Everyone makes mistakes, you can either help them not make these mistakes or
do nothing and blame it on the users.

------
omarhaneef
If we are trading war stories:

I was playing around with some tutorial to learn something (probably something
cool like programming your own robotic drone using functional erlang or
whatever), pushed to github and went to sleep. Woke up a few short hours later
and had lots of emails about the machines I was spinning up.

Checked and saw that my account had wracked up thousands of dollars overnight
(I think 6-8 hours), and I started to shut down the machines.

I didn't get them all, there were more machines hidden, and the bills
continued to pile up for another hour or two.

I contacted Amazon who shut it all down, and I reset my password.
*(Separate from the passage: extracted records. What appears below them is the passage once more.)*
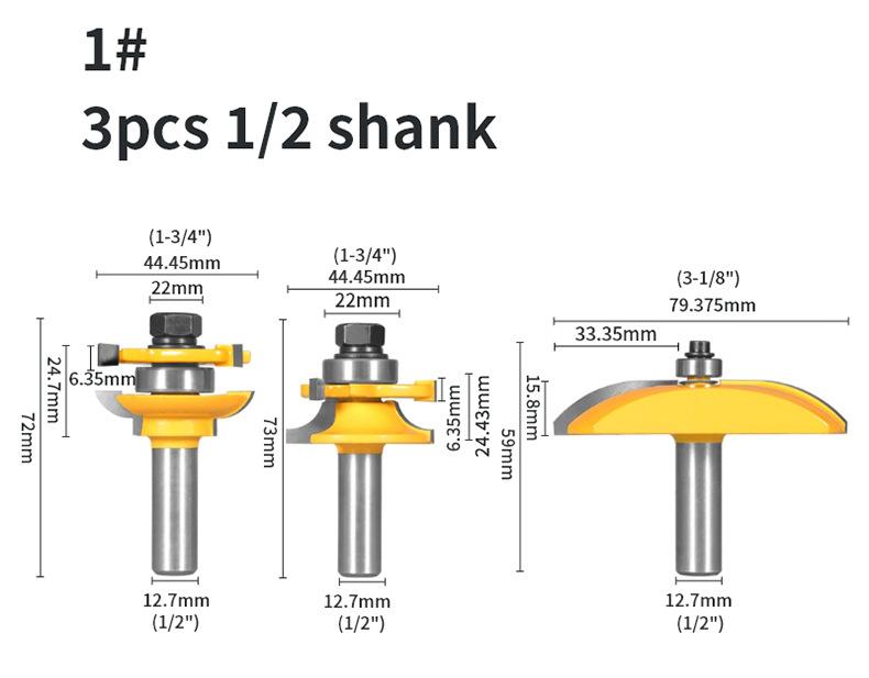 Compra Fresa de mortaja y espiga de tres cuchillas con forma de pez vástago de 1/2 cortador de placa de puerta lateral r doméstico cortador de mortaja y espiga oeste juego de 3 piezas cortador de moldura de línea de marco de puerta fresa al por mayor en Joom.pro
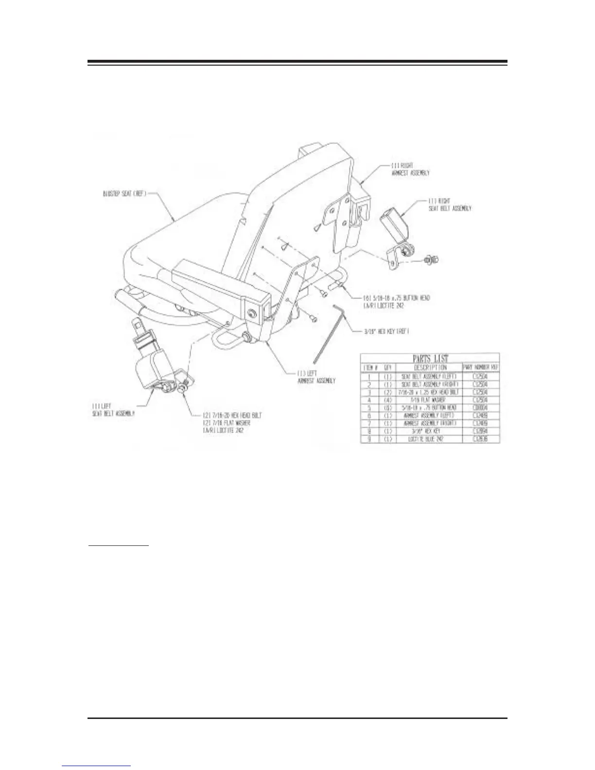 The optional Stabilization Kit (950-245) provides flip-up/flip-down arm rests, a seat belt and
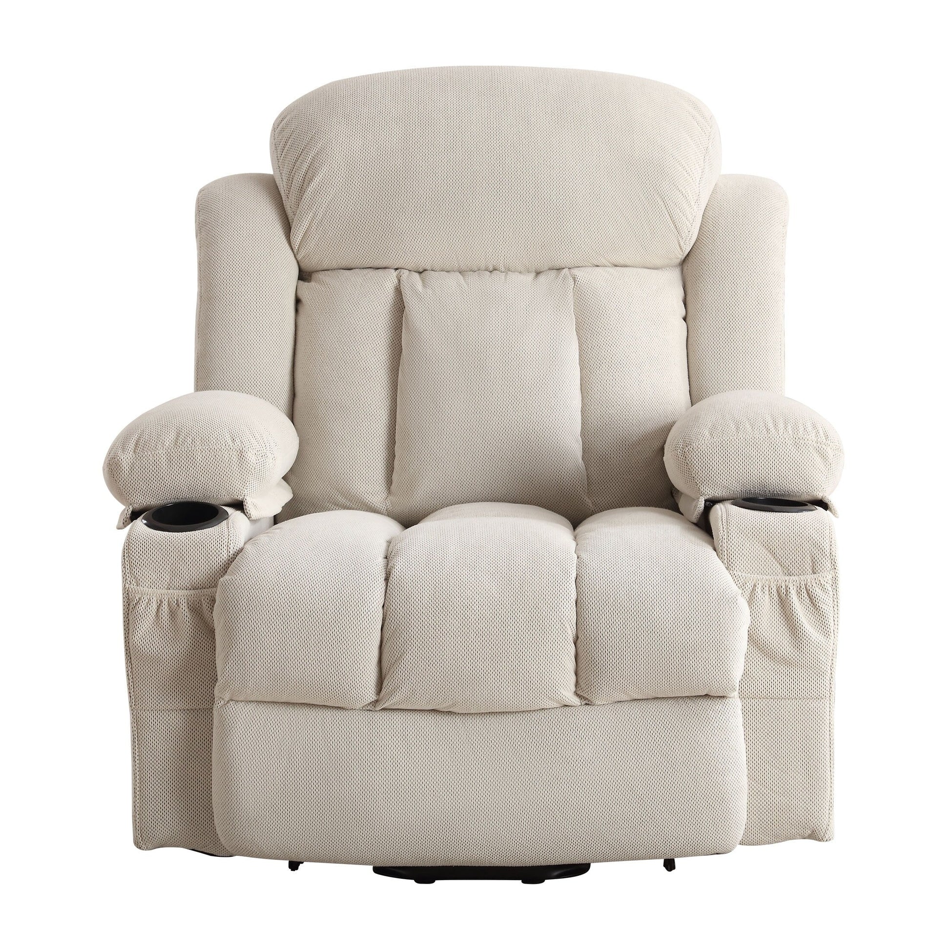 Fauteuil inclinable ergonomique beige avec chauffage, massage, chargement USB, poches latérales et télécommande

Then I realized I had pushed my credentials to github (I should really put
this under a pseudonym, but I was new to the whole thing and hadn't even
looked into Amazon's authentication system. Obviously, billing credentials and
sysadmin credentials should never be the same.) Someone had a scraper going
that picked them up almost right away.

To Amazon's credit, they cancelled the charges within a few hours, and if
memory serves the person investigating gave me a sympathetic but stern
message.

I don't know who the credential-stealer was and what they were using it for,
but I would guess crypto mining. I did some calculation at the time and I
think they would have extracted about 1/3rd the value of my bill, but those
were rough calculations.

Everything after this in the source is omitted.